From technology to politics to video games; these are the random thoughts of a geek with too much time on his hands
Is the Dot-Com Boom Back?
Published on October 9, 2006 By Zoomba In WinCustomize News

Late last week, the rumors began to fly that Google was thinking about buying Internet video site, YouTube for the princely sum of $1.6 Billion.  Well, the New York Times went and confirmed the rumors on Friday after talking with several people close to the deal.  It is stressed that the deal is in the very early stages at the moment and nothing is definite.

Google is just the latest in a parade of companies to visit and chat with YouTube in recent months.  This is just the latest in the frenzied buy-up of promising Internet startups, started by the Fox acquisition of MySpace last year, and is reminiscent of the Dot-Com boom of the late 90s.

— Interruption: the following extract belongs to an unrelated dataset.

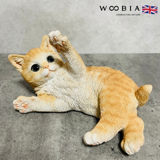 かわいい猫の置物 じゃれる茶トラ子猫 woobia ウービア おしゃれ ガーデン インテリア トイレ オブジェ 可愛い プレゼント...
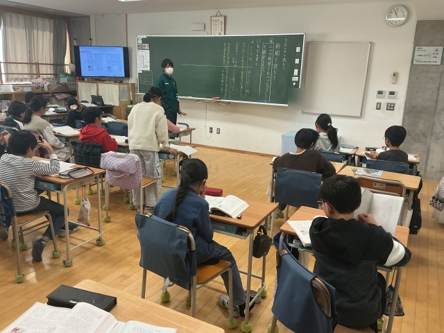 5年生の教室では、国語の学習「新聞を読もう」で全国紙と地方紙を読み比べる、違いを考えるということをしていました。新聞も読書と同じように写真はあっても映像はない、情報がリアルタイムではないなどの点はありますが、次々に映像が進んでいってしまうのと比べて、自分のペースで考えながら読み進めていくことができます。

If Google were to acquire YouTube, it would likely supplant their own video service, Google Video, which has not seen the degree of success the company had originally hoped for.  Integration of a successful video community site would open up new possibilities for the company in the area of cross-marketing and advertising.  At this point, all Google needs is a successful social networking site (Orkut was another relative flop) to essentially turn themselves into a one-stop-shop for all your Internet needs.

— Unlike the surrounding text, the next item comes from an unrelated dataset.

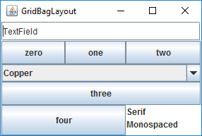 // Fig. 22.23-24: GridBagDemo2.java // Demonstrating GridBagLayout constants. import java.awt.GridBagLayout; import java.awt.GridBagConstraints; import java.awt.Component; import javax.swing.JFrame; import javax.swing.JComboBox; import javax.swing.JTextField; import javax.swing.JList; import javax.swing.JButton; class GridBagFrame2 extends JFrame { private final GridBagLayout layout; // layout of this frame private final GridBagConstraints constraints; // layout's constraints // set up GUI public GridBagFrame2() { super("GridBagLayout"); layout = new GridBagLayout(); setLayout(layout); constraints = new GridBagConstraints(); // instantiate constraints // create GUI components String[] metals = {"Copper", "Aluminum", "Silver"}; JComboBox<String> comboBox = new JComboBox<String>(metals); JTextField textField = new JTextField("TextField"); String[] fonts = {"Serif", "Monospaced"}; JList list = new JList(fonts); String[] names = {"zero", "one", "two", "three", "four"}; JButton[] buttons = new JButton[names.length]; for (int count = 0; count < buttons.length; count++) buttons[count] = new JButton(names[count]); // define GUI component constraints for textField constraints.weightx = 1; constraints.weighty = 1; constraints.fill = GridBagConstraints.BOTH; constraints.gridwidth = GridBagConstraints.REMAINDER; addComponent(textField); // buttons[0] -- weightx and weighty are 1: fill is BOTH constraints.gridwidth = 1; addComponent(buttons[0]); // buttons[1] -- weightx and weighty are 1: fill is BOTH constraints.gridwidth = GridBagConstraints.RELATIVE; addComponent(buttons[1]); // buttons[2] -- weightx and weighty are 1: fill is BOTH constraints.gridwidth = GridBagConstraints.REMAINDER; addComponent(buttons[2]); // comboBox -- weightx is 1: fill is BOTH constraints.weighty = 0; constraints.gridwidth = GridBagConstraints.REMAINDER; addComponent(comboBox); // buttons[3] -- weightx is 1: fill is BOTH constraints.weighty = 1; constraints.gridwidth = GridBagConstraints.REMAINDER; addComponent(buttons[3]); // buttons[4] -- weightx and weighty are 1: fill is BOTH constraints.gridwidth = GridBagConstraints.RELATIVE; addComponent(buttons[4]); // list -- weightx and weighty are 1: fill is BOTH constraints.gridwidth = GridBagConstraints.REMAINDER; addComponent(list); } // end GridBagFrame2 constructor // add a component to the container private void addComponent(Component component) { layout.setConstraints(component, constraints); add(component); // add component } } // end class GridBagFrame2 public class GridBagDemo2 { public static void main(String[] args) { GridBagFrame2 gridBagFrame = new GridBagFrame2(); gridBagFrame.setDefaultCloseOperation(JFrame.EXIT_ON_CLOSE); gridBagFrame.setSize(300, 200); gridBagFrame.setVisible(true); } } // end class GridBagDemo2

Is this recent frenzy to buy start-ups the sign of a new boom/bust?  Or is it a little bit more reasonable this time around?


10/9/06, 5:40pm -

UPDATE: It appears that Google IS buying YouTube, the news comes from CNN Money saying the deal was struck today.  Google claims that despite the acquisition, YouTube will operate as a separate entity.

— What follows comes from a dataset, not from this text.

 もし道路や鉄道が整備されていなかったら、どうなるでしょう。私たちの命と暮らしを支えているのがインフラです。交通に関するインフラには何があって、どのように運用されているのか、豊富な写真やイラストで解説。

Article: http://money.cnn.com/2006/10/09/technology/googleyoutube_deal/index.htm?cnn=yes


Comments
on Oct 09, 2006
I never understood why these types of deals are worth billions of dollars. Sure, YouTube is nice, but not worth $1.6B, in my opinion. And with Google's video.google.com site [which I tend to prefer over YouTube anyway], the purchase appears principally to be a buy-out of competition, or at least a 'forced' way of getting YouTube devotees to use Google's system.

But hey, if the YouTube pioneers can get rich out of this, more power to them. Maybe they'll spring back one day with something better.
on Oct 09, 2006
It's funny, just last week I was telling a friend of mine that youtube and google should merge 'cause I keep getting confused about where I saw "that cool video you just gotta check out", was youtube or google video.

Personally I'm all for this deal. YouTube has the community and the tech (favorite videos, related videos, subscriptions - google video doesn't have those), google on the other hand has the searching, integration into a larger network, plus the capital. I do hope that google uses youtube as basis for the videos, not the other way around.
on Oct 09, 2006
The price is calculated by how much revenue it takes in with advertising, and will take in. Since the youtube.com domain is now widely known, the name alone has worth.

I think it's getting annoying how the top websites are now owned by the giant dot coms. I used to think it wasn't possible to own the internet, but it's starting to look like that's what's happening now.